Et c'est avec infiniment de douleur que la cinéaste, alors qu'elle se trouvait en repérage dans le désert de Djibouti, sera avertie par Henriane qu'elle souffrait d'un cancer en phase terminale. 

Le fils aimé

Après deux mois d'hôpital et la menace d'une opération, Marion écrit à son fils Jan : « Si je meurs, je t'aime ».
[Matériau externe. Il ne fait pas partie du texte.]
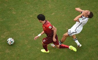 Germany's Thomas Mueller, who got plenty of attention for scoring three goals in the game, was tapped ever so lightly on the face—or was it even really the face?—and went reeling to the ground.

Elle lui a dédié un très beau film : Nuages. Lettre à mon fils. Et leur connivence est totale, après toutes ces années où elle emmena l'enfant dans ses voyages. Elle le filme d'un hélicoptère skiant dans un vertigineux paysage de montagne.

Après la rémission, le bonheur retrouvé est sans fin comme ce chemin qui s'enfonce dans la forêt : Marion s'éloigne au bras de son fils et de sa petite fille.